Include linter output in prompts. If AI code fails linting, copy errors and say “address these issues.” Once aware of tool output, the model corrects mistakes.
Configure agents to refuse marking tasks “done” until tests pass. Treat code review bot feedback as improvement prompts. Combining AI with automation creates virtuous cycles—AI writes, automation catches issues, AI fixes them.
Stay Accountable
You remain the responsible engineer. Merge or ship code only after understanding it. If AI generates convoluted solutions, ask for explanations or rewrite in simpler terms. Dig into anything that feels wrong.
The LLM is your assistant, not an autonomous coder. You’re the senior developer; it accelerates you without replacing judgment. This protects code quality and your skill growth.
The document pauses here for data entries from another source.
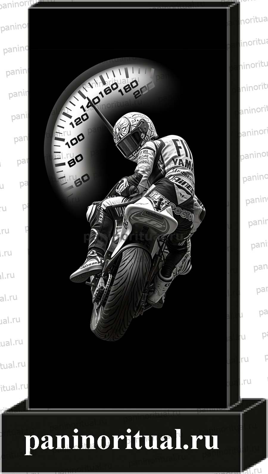 Классический гранитный прямоугольный памятник с художественным оформлением. На надгробие нанесено изображение байкера на мотоцыкле. Памятник погибшему мотоциклисту — способ сохранить память о человеке, который любил скорость и свободу.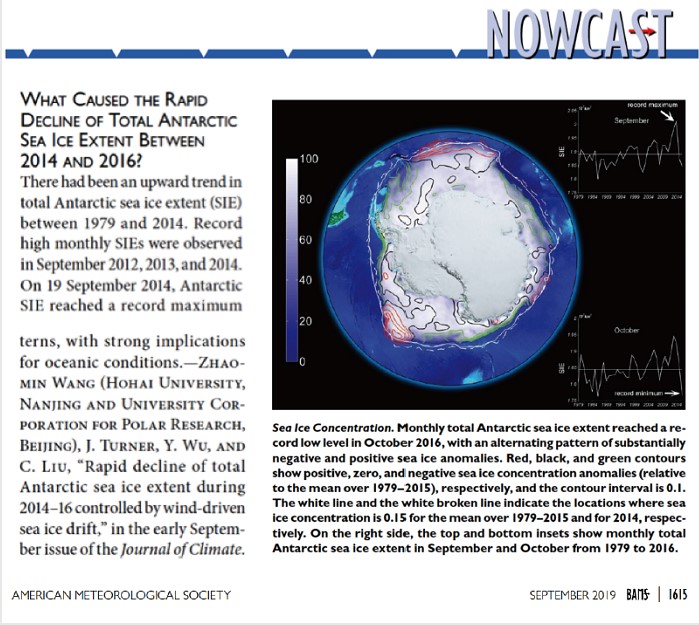 2019年9月出版的美国气象学会会刊(Bulletin of the American Meteorological Society,BAMS)在Papers of Note部分介绍了成人抖音 一项研究成果。南极海冰月平均范围于2014年9月达到有卫星观测以来最高,随后以前所未有的速度减退,2016年10月达到创纪录低值。王召民教授团队与英国南极局John Tuner教授合作,研究了近几年南极海冰快速减退的成因。研究成果于今年9月在Journal of Climate正式发表(文章链接://journals.ametsoc.org/doi/full/10.1175/JCLI-D-18-0635.1)。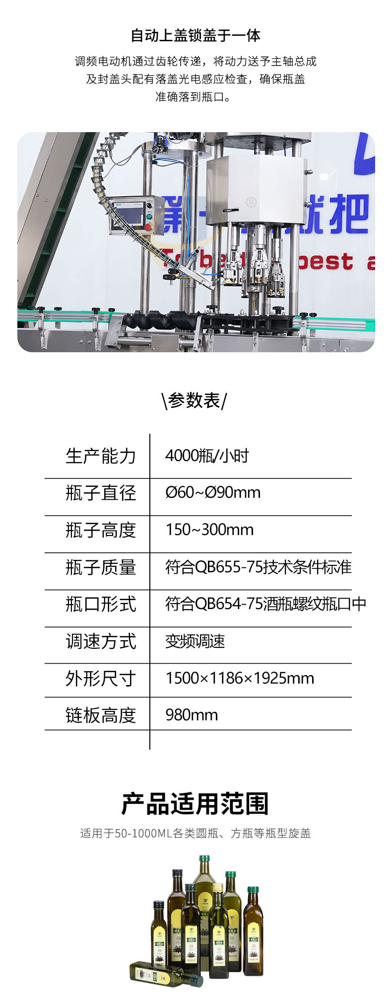 全自動四頭金屬鎖蓋機供鋁蓋酒瓶瓶封蓋用,整體采用304不銹鋼制作,運行穩定可靠。適用于50-100ml各類圓瓶、方瓶等瓶型旋蓋。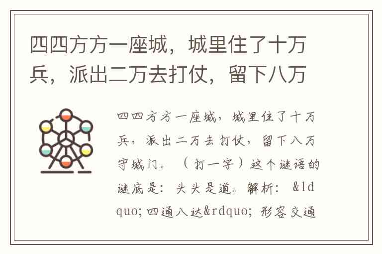四四方方一座城,城里住了十万兵,派出二万去打仗,留下八万守城门。 (打一字)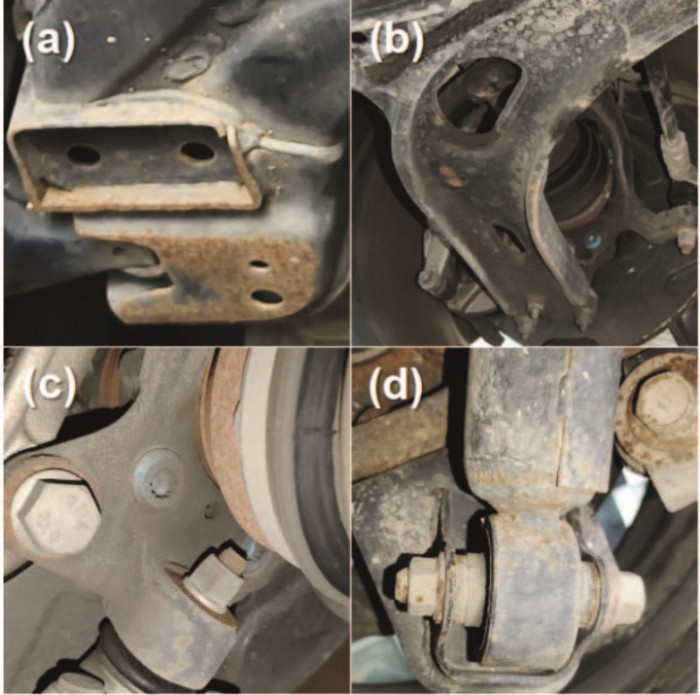 图6 连杆与悬架件典型腐蚀形貌 (a)前副车架;(b)前下摆臂;(c)转向节;(d)后减震器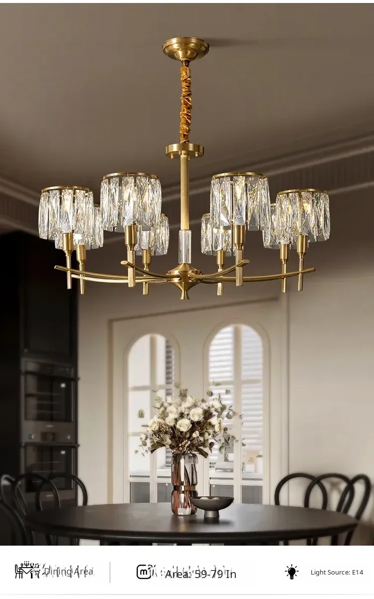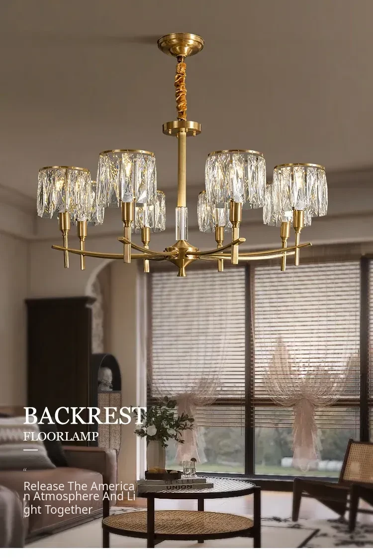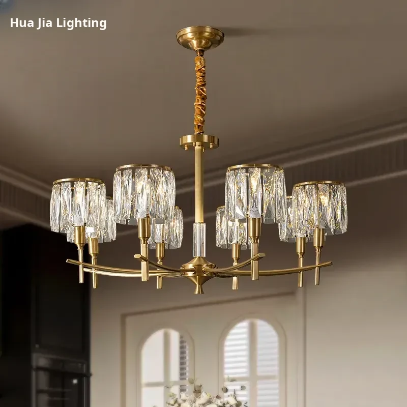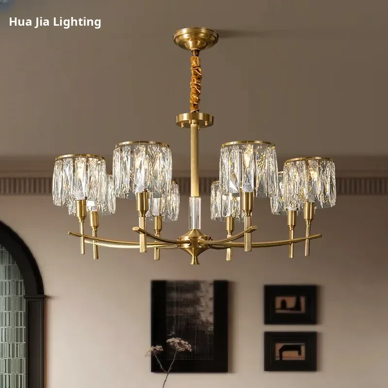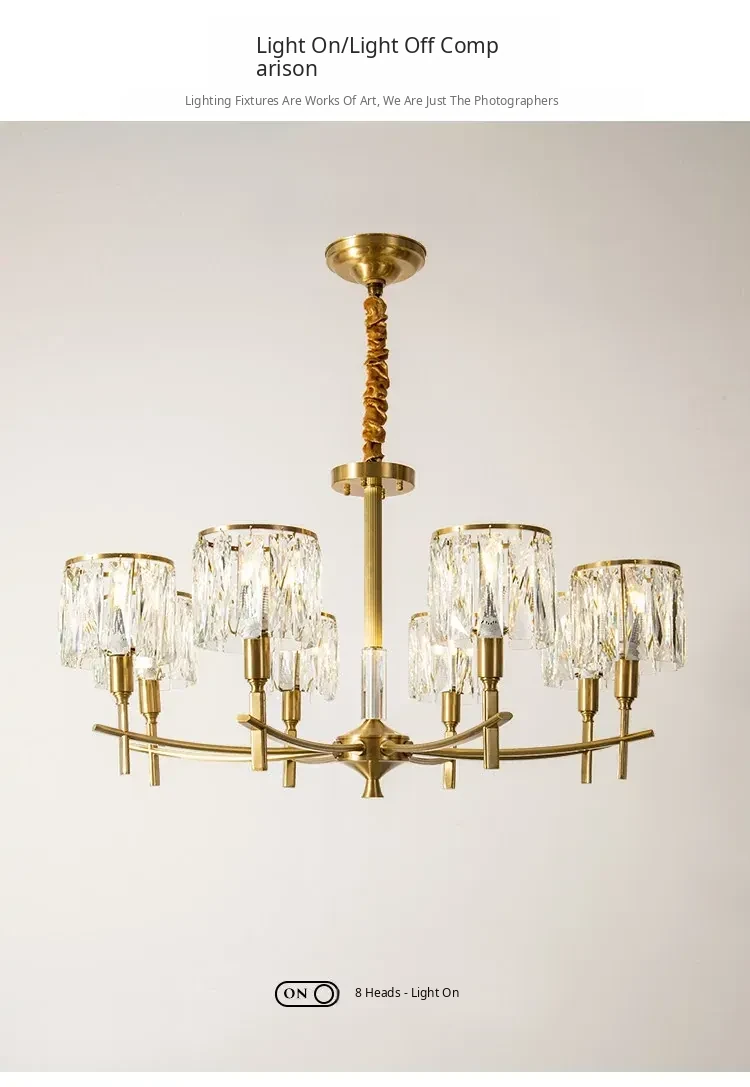 All-Copper Crystal Chandelier - Elegant American and French Style Lighting for Living Room, Villa, Bedroom, and Dining Room - New Collection 2024

Continue coding without AI periodically to keep raw skills sharp. The developer-AI duo exceeds either alone, but the developer must uphold their end.
Keep Learning
Every AI coding session teaches you something. LLMs expose you to new languages, frameworks, and techniques. They amplify productivity if you bring solid engineering fundamentals but amplify confusion without that foundation.
The AI operates at higher abstraction levels—you focus on design, interface, architecture while it generates boilerplate. This requires having those high-level skills first. Using AI pushes you toward more rigorous planning and conscious architecture.
Review AI code to learn new idioms. Debug AI mistakes to deepen domain understanding. Ask the AI to explain its code—constantly interview it about decisions. Use it as a research assistant to compare options and trade-offs.
Next Steps
Apply classic software engineering discipline to AI collaborations. Design before coding, write tests, use version control, maintain standards. These practices become even more critical when AI writes half your code.
Start your next project with a detailed spec. Break work into small tasks. Provide complete context. Test relentlessly. Commit frequently. The AI accelerates mechanical parts while you guide direction and ensure quality.
Human engineers remain directors of the show—AI coding assistants are incredible force multipliers under expert guidance.